Syllabus - INTRODUCTION TO DATA SCIENCE (CD404)
CSE-Data Science/Data Science
INTRODUCTION TO DATA SCIENCE (CD404)
IV
Unit – I
Introduction
Introduction to Data Science – Evolution of Data Science – Data Science Roles – Stages in a Data Science Project – Applications of Data Science in various fields – Data Security Issues.
Unit – II
Data Collection and Data Pre-Processing
Data Collection Strategies – Data Pre-Processing Overview – Data Cleaning – Data Integration and Transformation – Data Reduction – Data Discretization.
Unit – III
Exploratory Data Analytics
Descriptive Statistics – Mean, Standard Deviation, Skewness and Kurtosis – Box Plots – Pivot Table – Heat Map – Correlation Statistics – ANOVA.
Unit – IV
Model Development
Simple and Multiple Regression – Model Evaluation using Visualization – Residual Plot – Distribution Plot – Polynomial Regression and Pipelines – Measures for In-sample Evaluation – Prediction and Decision Making.
Unit – V
Model Evaluation
Generalization Error – Out-of-Sample Evaluation Metrics – Cross Validation – Overfitting – Under Fitting and Model Selection – Prediction by using Ridge Regression – Testing Multiple Parameters by using Grid Search.
Practicals
- READING AND WRITING DIFFERENT TYPES OF DATASETS using Python
- Reading different types of data sets (.txt, .csv) from web and disk and writing in file in specific disk location.

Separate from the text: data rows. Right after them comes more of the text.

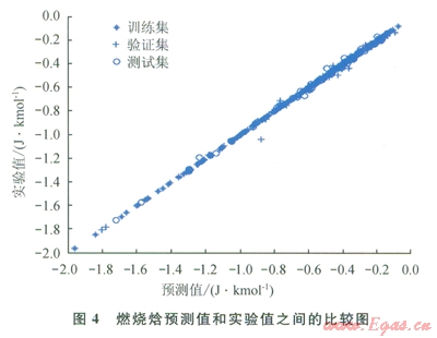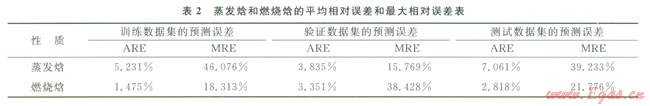 表2中展示了新構(gòu)建燃燒焓和蒸發(fā)焓模型的結(jié)果。從表2中可以看出,經(jīng)過上述處理后,所構(gòu)建的ANN模型在“驗證”集和“測試”集中的預(yù)測表現(xiàn)有所改善。
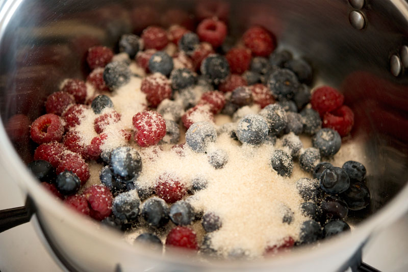 Put about a quarter cup of sugar on the stove (over low heat) with about half a cup of blueberries and a quarter cup of raspberries. Cook over low heat until your blueberries begin to burst – your raspberries will turn into liquid much faster, and you’ll have a jelly-like substance on your hands.
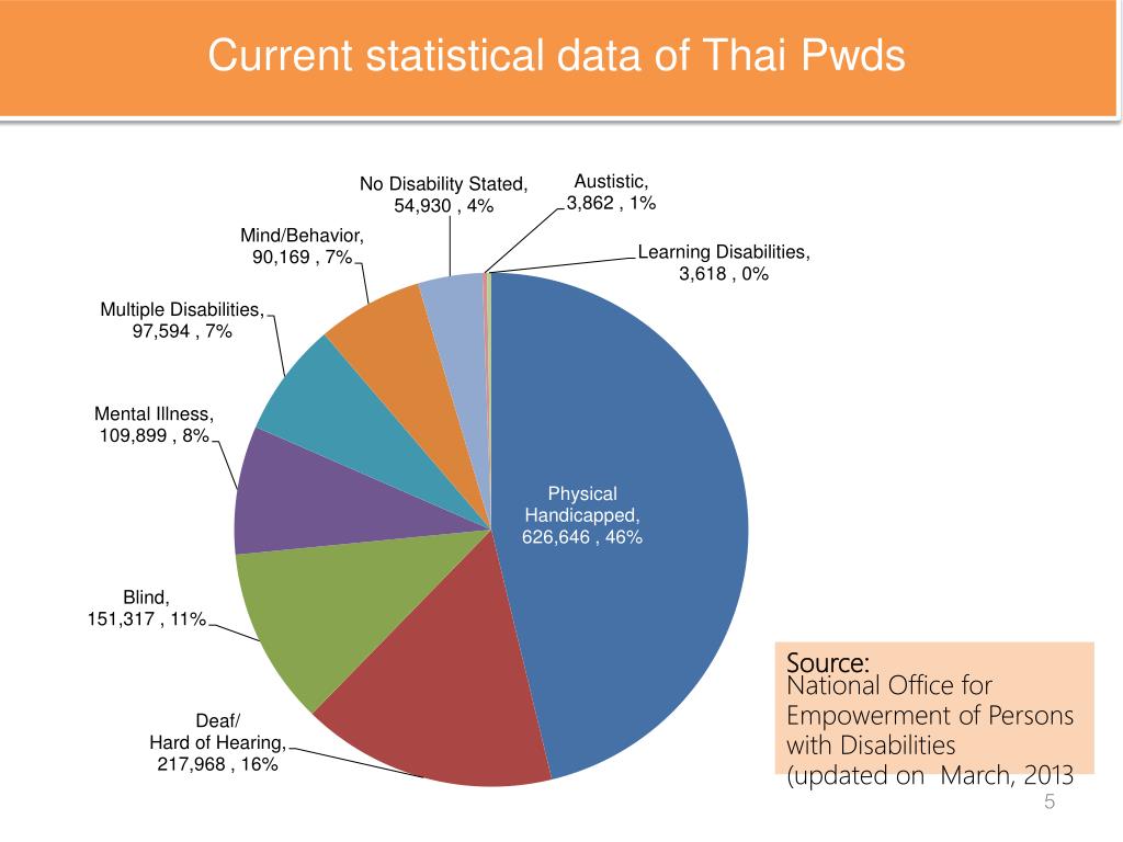 Current statistical data of Thai Pwds Source: National Office for Empowerment of Persons with Disabilities (updated on March, 2013

- Reading Excel data sheet in python.
- Reading XML dataset in python.
- VISUALIZATIONS: Find the data distributions using box and scatter plot.
- Find the outliers using plot.
- Plot the histogram, bar chart and pie chart on sample data
- EXPLORATORY DATA ANALYSIS (EDA): Perform EDA on Credit Card Fraud Detection Dataset (open source dataset) for analyzing the data.
- LINEAR REGRESSION MODEL FOR PREDICTION: Apply Regression Model techniques to predict the future values of data on the open source available datasets.
- LOGISTIC REGRESSION MODEL: Import the Red-Wine dataset from the UCI Machine Learning Repository having three qualities of wines. Apply logistic regression model for multi-class classification of the wine categories.
- MODEL EVALUATION USING RESIDUAL PLOT: Plotting Accuracy and Error Metrics against number of iterations for evaluation of model performance.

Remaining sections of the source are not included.